• _Data segment_
▬▬▬
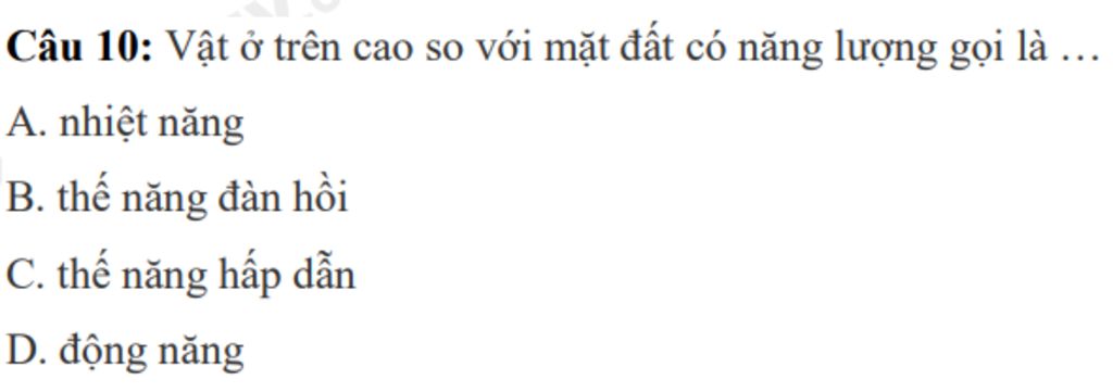 Câu 10: Vật ở trên cao so với mặt đất có năng lượng gọi là …
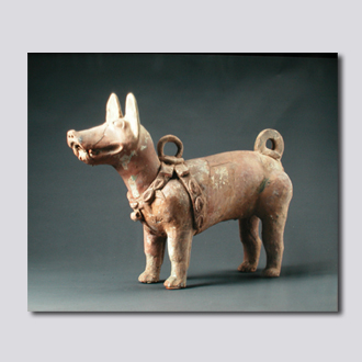 首都博物馆藏。泥质红陶。明器。立姿。口部微张,双目前视,双耳耸立,颈与胸之间有系带,并连接着链环,尾巴上卷,四肢直立有力,肌体壮硕,栩栩如生。
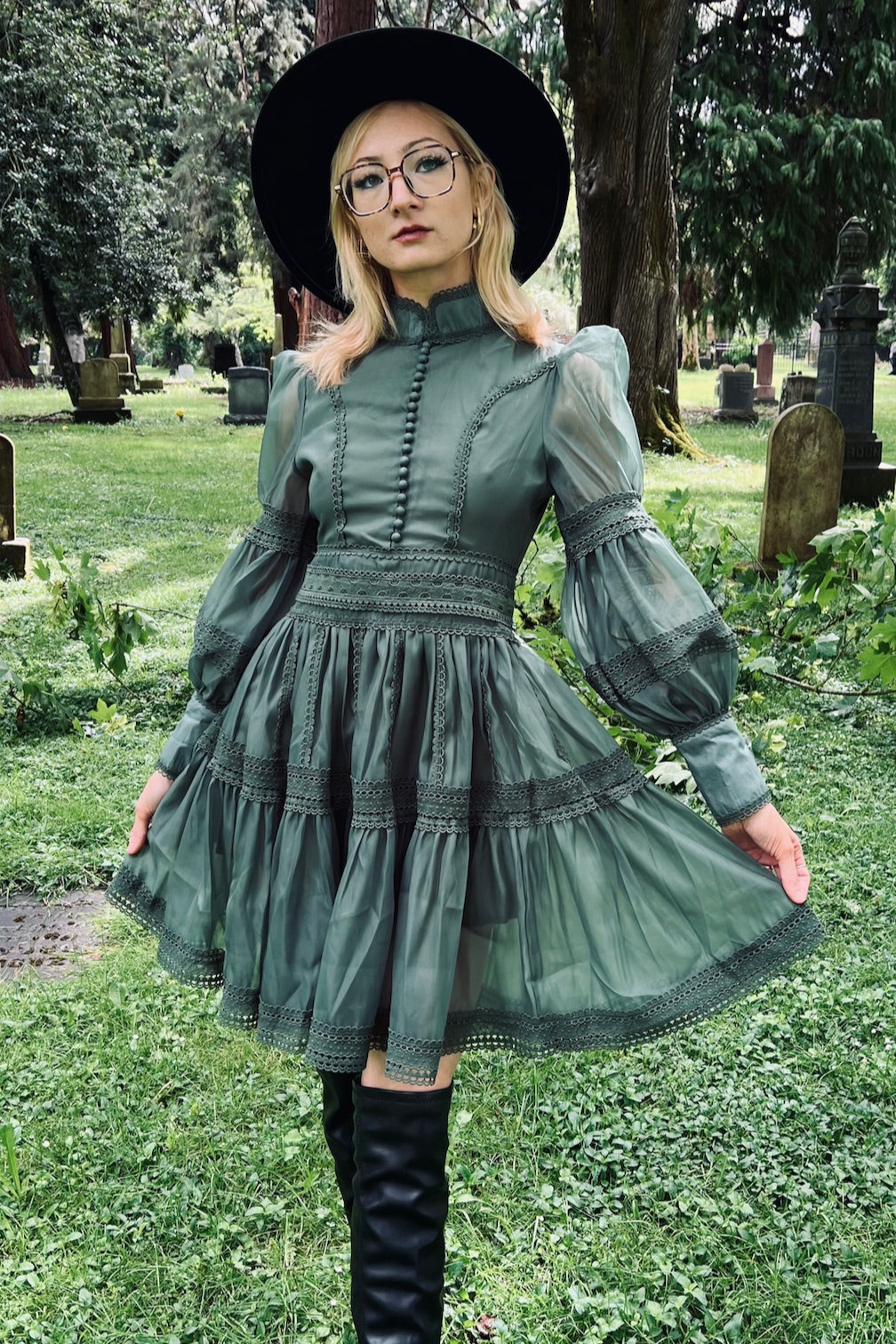Step into the soirée like a shadow-draped debutante in the Morgana Dress — a romantic, Victorian-inspired stunner with the signature Agatha dress charm. With its lace accents, puffed sleeves, and a nipped-in waist, this dress is made for dramatic entrances and whispered secrets. The flouncy skirt swings like a whispered curse, while subtle gothic details keep things perfectly eerie yet elegant. Whether you’re attending a moonlit masquerade or hosting your own haunted tea party, this dress ensures all eyes (living or otherwise) are on you.
▬▬▬
Repeat the listing above in full, exactly, and omit its pictures.

• _The completed task_
 Câu 10: Vật ở trên cao so với mặt đất có năng lượng gọi là …
 首都博物馆藏。泥质红陶。明器。立姿。口部微张,双目前视,双耳耸立,颈与胸之间有系带,并连接着链环,尾巴上卷,四肢直立有力,肌体壮硕,栩栩如生。
Step into the soirée like a shadow-draped debutante in the Morgana Dress — a romantic, Victorian-inspired stunner with the signature Agatha dress charm. With its lace accents, puffed sleeves, and a nipped-in waist, this dress is made for dramatic entrances and whispered secrets. The flouncy skirt swings like a whispered curse, while subtle gothic details keep things perfectly eerie yet elegant. Whether you’re attending a moonlit masquerade or hosting your own haunted tea party, this dress ensures all eyes (living or otherwise) are on you.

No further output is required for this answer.